> **WORK TO COMPLETE**: Leave the pictures out. Return the rest of the listing below exactly.

> **RECORDED INFORMATION**:
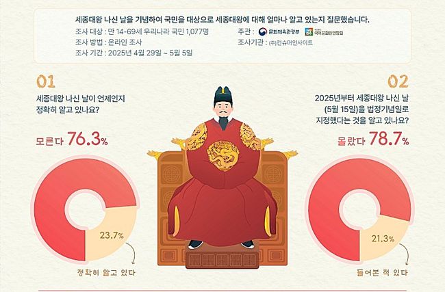 문화체육관광부는 국어문화원연합회와 함께 지난해 국가기념일로 지정된 ‘세종대왕 나신 날’을 맞아 4월 29일부터 5월 5일까지 세종대왕의 생신과 업적에 대한 국민 인식 조사를 진행했다. 이번 조사는 성별, 연령, 지역을 고려한 인구통계 비례 방식으로 총 1,077명이 참여했다.
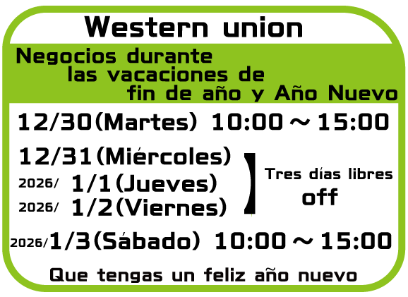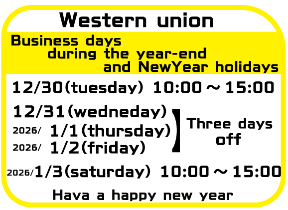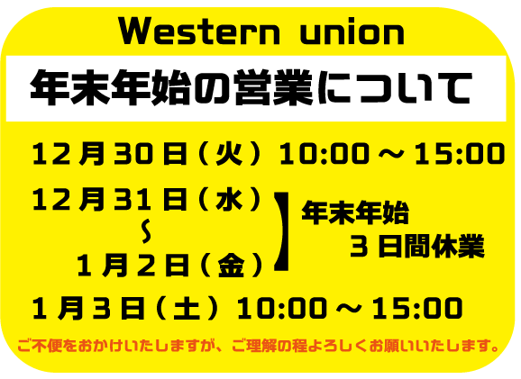 チケットライフ本店にて行っているWestern Union(海外送金)の年末年始営業時間は下記のようになります。
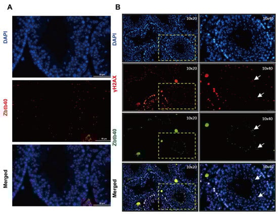 It has been reported that ZBTB40 is essential for spermatogenesis in Epinephelus coioides [15]. To explore the function of ZBTB40 in regulating mammalian spermatogenesis, we detected the expression of ZBTB40 in mouse testes using immunohistochemistry. We found that ZBTB40 was specifically present in mouse spermatocytes (Figure 1A). Interestingly, most of the ZBTB40 foci were co-localized with γH2AX (Figure 1B), a hallmark of chromatin remodeling and inactivation of sex chromosome events during spermatogenesis. These results raised the possibility that ZBTB40 may be involved in mediating mammalian spermatogenesis.

> **RESPONSE AREA**:
 문화체육관광부는 국어문화원연합회와 함께 지난해 국가기념일로 지정된 ‘세종대왕 나신 날’을 맞아 4월 29일부터 5월 5일까지 세종대왕의 생신과 업적에 대한 국민 인식 조사를 진행했다. 이번 조사는 성별, 연령, 지역을 고려한 인구통계 비례 방식으로 총 1,077명이 참여했다.
 チケットライフ本店にて行っているWestern Union(海外送金)の年末年始営業時間は下記のようになります。
 It has been reported that ZBTB40 is essential for spermatogenesis in Epinephelus coioides [15]. To explore the function of ZBTB40 in regulating mammalian spermatogenesis, we detected the expression of ZBTB40 in mouse testes using immunohistochemistry. We found that ZBTB40 was specifically present in mouse spermatocytes (Figure 1A). Interestingly, most of the ZBTB40 foci were co-localized with γH2AX (Figure 1B), a hallmark of chromatin remodeling and inactivation of sex chromosome events during spermatogenesis. These results raised the possibility that ZBTB40 may be involved in mediating mammalian spermatogenesis.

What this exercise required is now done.